Between frantically checking the edits made to my book and writing/photographing magazine features, I am starting to get ready for a trip back to the Seychelles next week. I reckon the ultra-remote atolls that lie many hundreds of miles away from civilisation offer arguably the best saltwater fishing anywhere on this earth. Nowhere for starters can you sight fish the flats for such insane numbers of big GTs like the one above. I am heading out there for my third trip to photograph this extraordinary fishing. There is only one group of guides that I trust for this "out there" fishing and that is the FlyCastaway guys from South Africa. You can book trips out there through the fly fishing travel company Aardvark McLeod. This kind of fishing is expensive, but what price the best there is ? See a bunch of photos from my recent trips here and here.
What you can carry is limited by various factors - weight restrictions, the sheer physical nature of the fishing (lots of walking and wading in serious heat) and actually photographing on the flats.
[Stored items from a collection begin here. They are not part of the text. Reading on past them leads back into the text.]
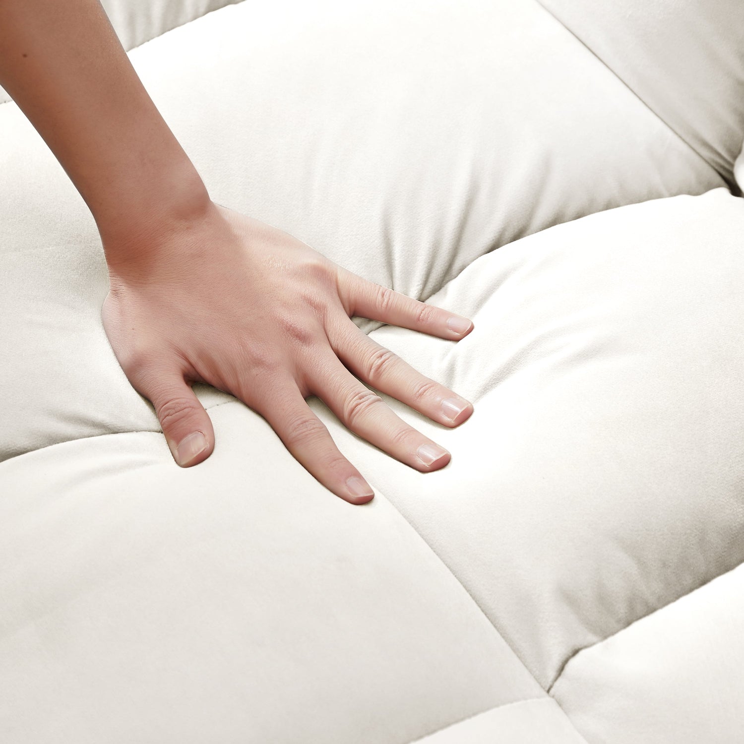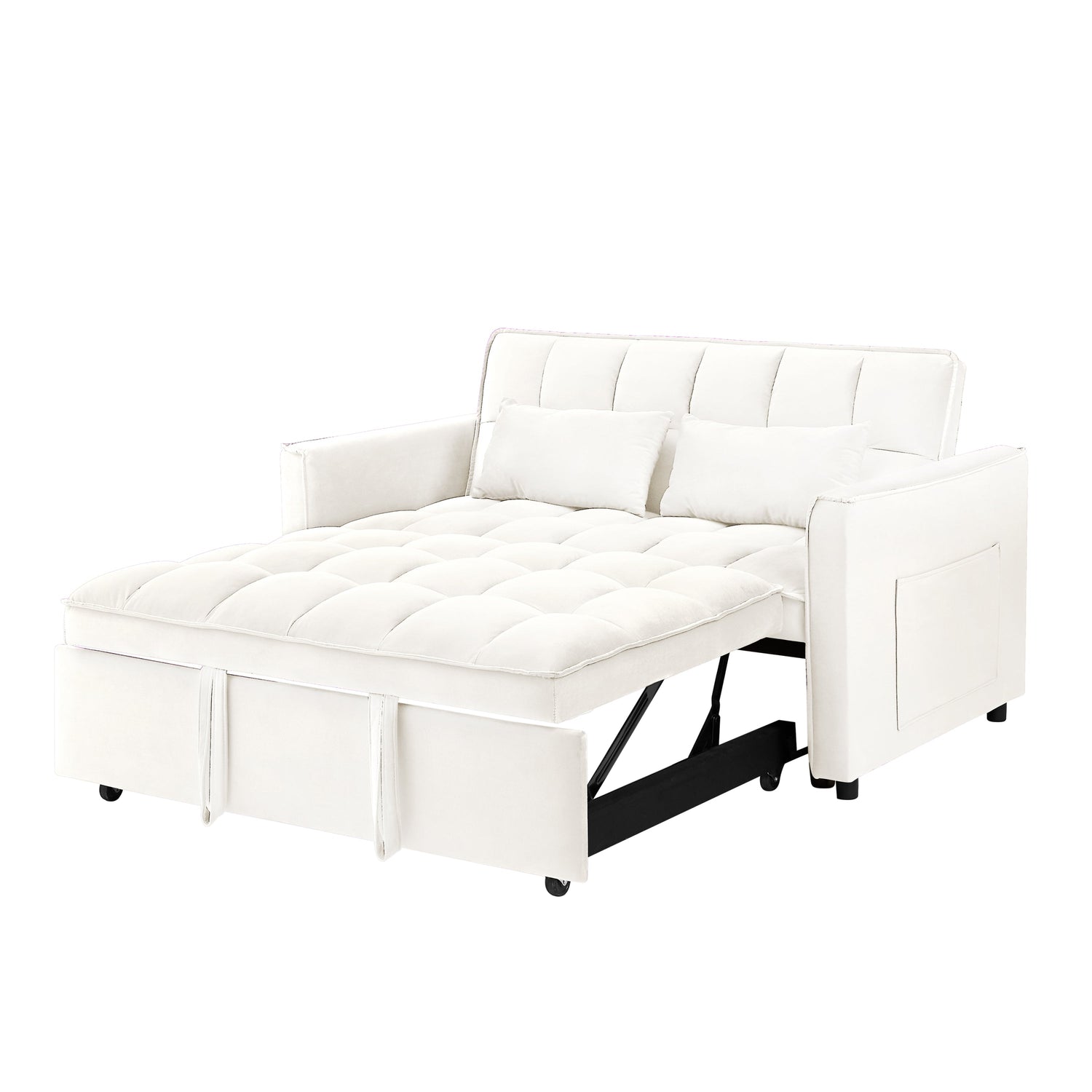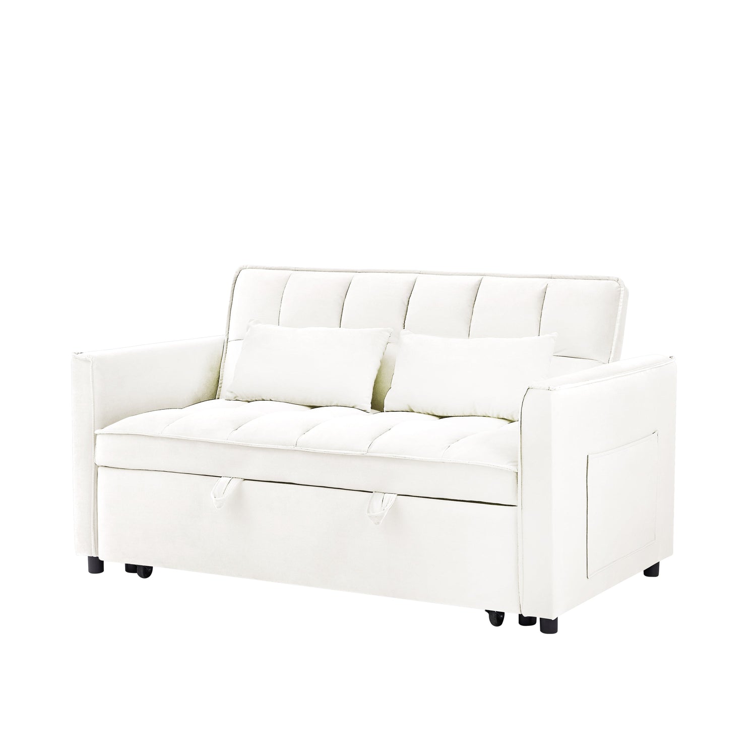 NEW 55.1-inch 3-in-1 Off White Convertible Modern Velvet Double Sofa Futon Bed with Adjustable Back Storage Bag and Pillow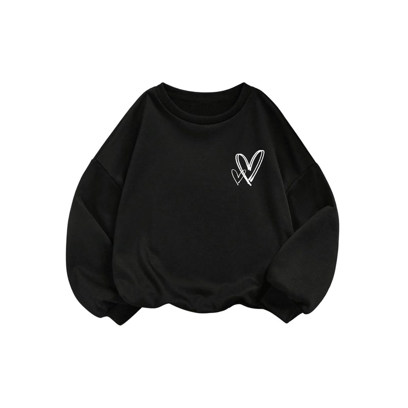 - Features: Heart graphic, long sleeve, round neck, drop shoulder, girls sweatshirts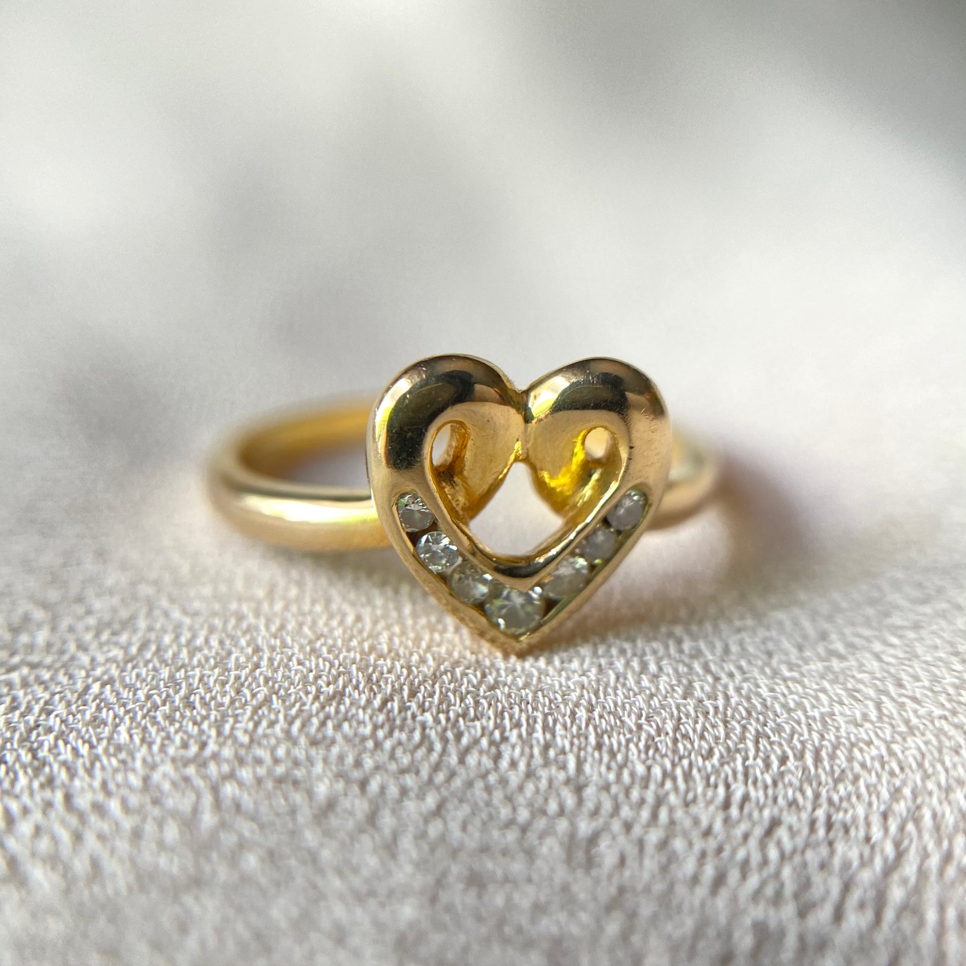 Heart-shaped ring, 18K yellow gold, width 1.4-7.7mm, 7 diamonds.

Being out all day means that I need to carry camera gear plus sufficient water (dehydration is bad news), and changing lenses while wading is really difficult. Using one lens for long periods is a great discipline, but big blue skies usually allow for a lot of wide-angle photography. It is about as exciting as fishing and fishing photography is ever going to get. I spend most of the time on a trip like this in a complete state of excitement and then just collapse on the plane journey home.
All my camera gear for this kind of flats trip goes in a Lowepro DryZone Rover. This is a great bag for walking miles and miles, and it has an inbuilt water bladder system that is invaluable. Polarised sunglasses are essential : use the Maui Jim ones and you will not go far wrong. I am taking the Lagoon model with the HCL lenses, and a spare pair for a backup. I wear all the usual tropical fishing clothing - shirts, shorts, flats boots, neoprene gravel guards, hat etc. I have yet to find a better suncream anywhere than the awesome BullFrog. Annoyingly we can not get it in the UK, so I always pick up a load when I am in the US. I use the factor 36 Quik Gel that remains waterproof for ages. I have never burnt with this stuff once.